--- RECORD SET Enclosed Below ---

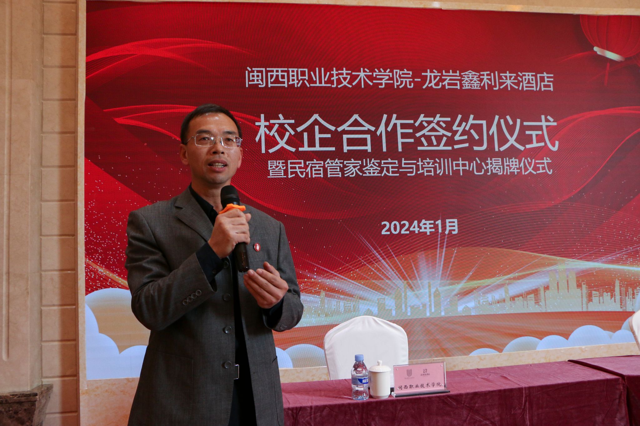 文化与旅游学院党委书记陈荣坤在致辞中介绍了文旅学院的发展情况以及“文旅民宿”专业群的建设情况,并对今后的合作进行了展望。鑫叶集团副总经理张志英高度赞扬了MG冰球突破官网的办学水平,对此次合作契机表示深切的支持与肯定,愿意积极配合,携手为龙岩民宿产业的发展贡献力量。
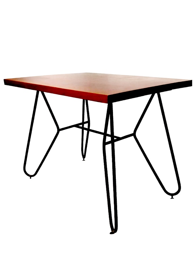 Τραπέζι με μεταλλικό σκελετό και με καπάκι από ξύλο.
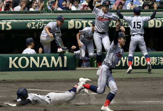 이번 대회의 결승전은 그야말로 손에 땀을 쥐게 하는 경기였습니다. 교토국제고등학교와 도쿄도의 대표 간토다이이치고가 맞붙은 이날 경기는 양 팀 모두 9회까지 단 한 점도 내지 못하며 치열한 공방전을 벌였습니다. 정규 이닝에서 승부를 가리지 못한 두 팀은 연장전에 돌입했고, 10회 초 교토국제고는 대타로 나선 니시무라 카즈키의 좌전안타로 무사 만루의 기회를 잡았습니다.
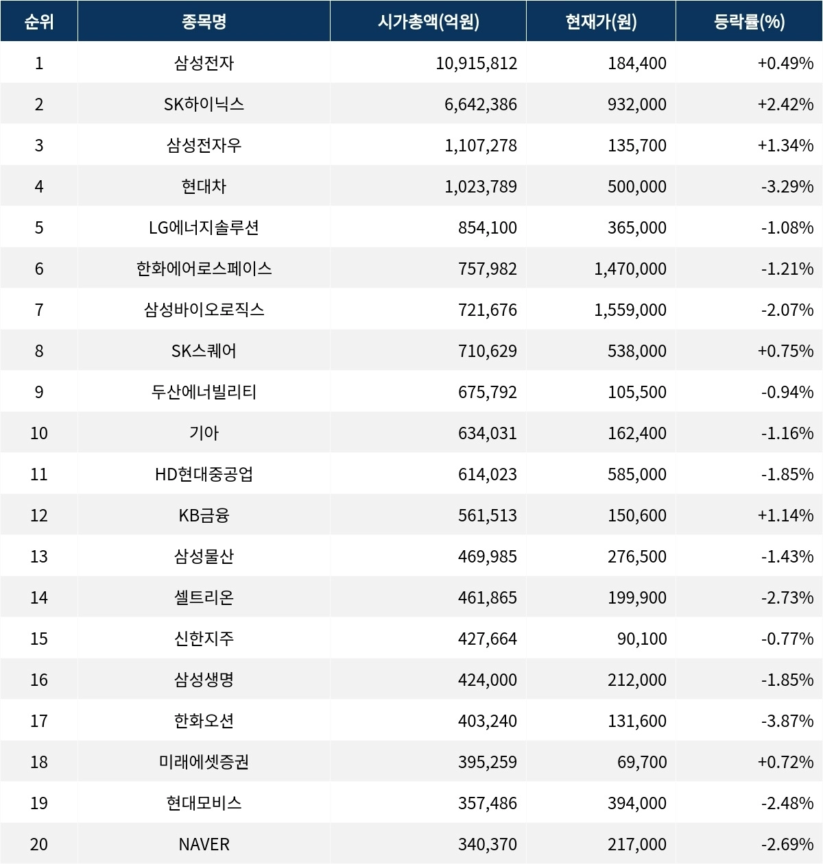 코스피 시가총액 상위 종목들이 전반적으로 엇갈린 흐름을 보이고 있다.
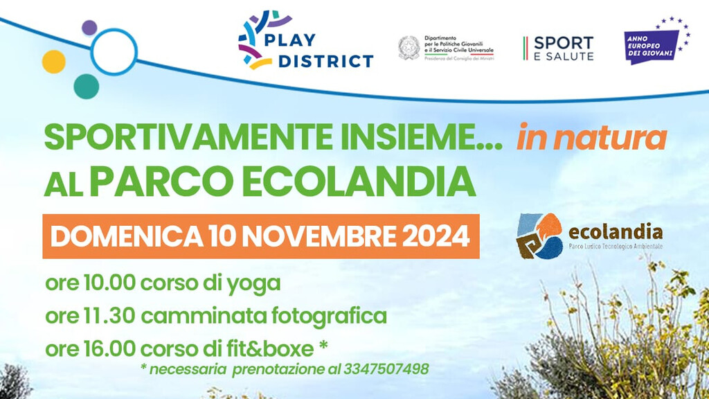 Ha preso il via a pieno ritmo il Progetto “Sportivamente Insieme”, promosso a Reggio Calabria nell’ambito dell’iniziativa nazionale “Spazi Civici di Comunità-Play District”. Dopo l’open day, la conferenza stampa di presentazione e l’avvio delle attività sportive, è tutto pronto per un nuovo appuntamento in programma domenica 10 novembre 2024. Sarà il meraviglioso scenario del Parco Ecolandia di Arghillà la location di “Sportivamente Insieme…in natura” con tre eventi gratuiti inseriti in un unico grande evento. Si partirà alle ore 10.00 con il Corso di Yoga all’aria aperta per percepire l’abbraccio della natura, ascoltare il respiro della Terra e riconnettere ad essa il proprio io più profondo.
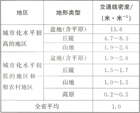 (1)题,由表中数值可以看出,交通线密度最大的地形类型是盆地(含平原)。第
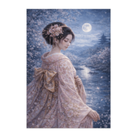 ポスター - B2この商品はpixivFACTORYで作られた商品です。サンプル画像は完成イメージのため、実物と異なる場合があります。 満月に照らされた夜の川辺に佇む、和装の女性を描いた幻想的な作品です。 桜の花と月光が織りなす静かな夜の情景が、穏やかな時間の流れを感じさせます。 和の美しさと幻想的な夜景を楽しめるアートポスターです。

--- End of Enclosed RECORD SET ---

Reproduce every record above exactly, omitting the pictures.

# OUTPUT BELOW:
 文化与旅游学院党委书记陈荣坤在致辞中介绍了文旅学院的发展情况以及“文旅民宿”专业群的建设情况,并对今后的合作进行了展望。鑫叶集团副总经理张志英高度赞扬了MG冰球突破官网的办学水平,对此次合作契机表示深切的支持与肯定,愿意积极配合,携手为龙岩民宿产业的发展贡献力量。
 Τραπέζι με μεταλλικό σκελετό και με καπάκι από ξύλο.
 이번 대회의 결승전은 그야말로 손에 땀을 쥐게 하는 경기였습니다. 교토국제고등학교와 도쿄도의 대표 간토다이이치고가 맞붙은 이날 경기는 양 팀 모두 9회까지 단 한 점도 내지 못하며 치열한 공방전을 벌였습니다. 정규 이닝에서 승부를 가리지 못한 두 팀은 연장전에 돌입했고, 10회 초 교토국제고는 대타로 나선 니시무라 카즈키의 좌전안타로 무사 만루의 기회를 잡았습니다.
 코스피 시가총액 상위 종목들이 전반적으로 엇갈린 흐름을 보이고 있다.
 Ha preso il via a pieno ritmo il Progetto “Sportivamente Insieme”, promosso a Reggio Calabria nell’ambito dell’iniziativa nazionale “Spazi Civici di Comunità-Play District”. Dopo l’open day, la conferenza stampa di presentazione e l’avvio delle attività sportive, è tutto pronto per un nuovo appuntamento in programma domenica 10 novembre 2024. Sarà il meraviglioso scenario del Parco Ecolandia di Arghillà la location di “Sportivamente Insieme…in natura” con tre eventi gratuiti inseriti in un unico grande evento. Si partirà alle ore 10.00 con il Corso di Yoga all’aria aperta per percepire l’abbraccio della natura, ascoltare il respiro della Terra e riconnettere ad essa il proprio io più profondo.
 (1)题,由表中数值可以看出,交通线密度最大的地形类型是盆地(含平原)。第
 ポスター - B2この商品はpixivFACTORYで作られた商品です。サンプル画像は完成イメージのため、実物と異なる場合があります。 満月に照らされた夜の川辺に佇む、和装の女性を描いた幻想的な作品です。 桜の花と月光が織りなす静かな夜の情景が、穏やかな時間の流れを感じさせます。 和の美しさと幻想的な夜景を楽しめるアートポスターです。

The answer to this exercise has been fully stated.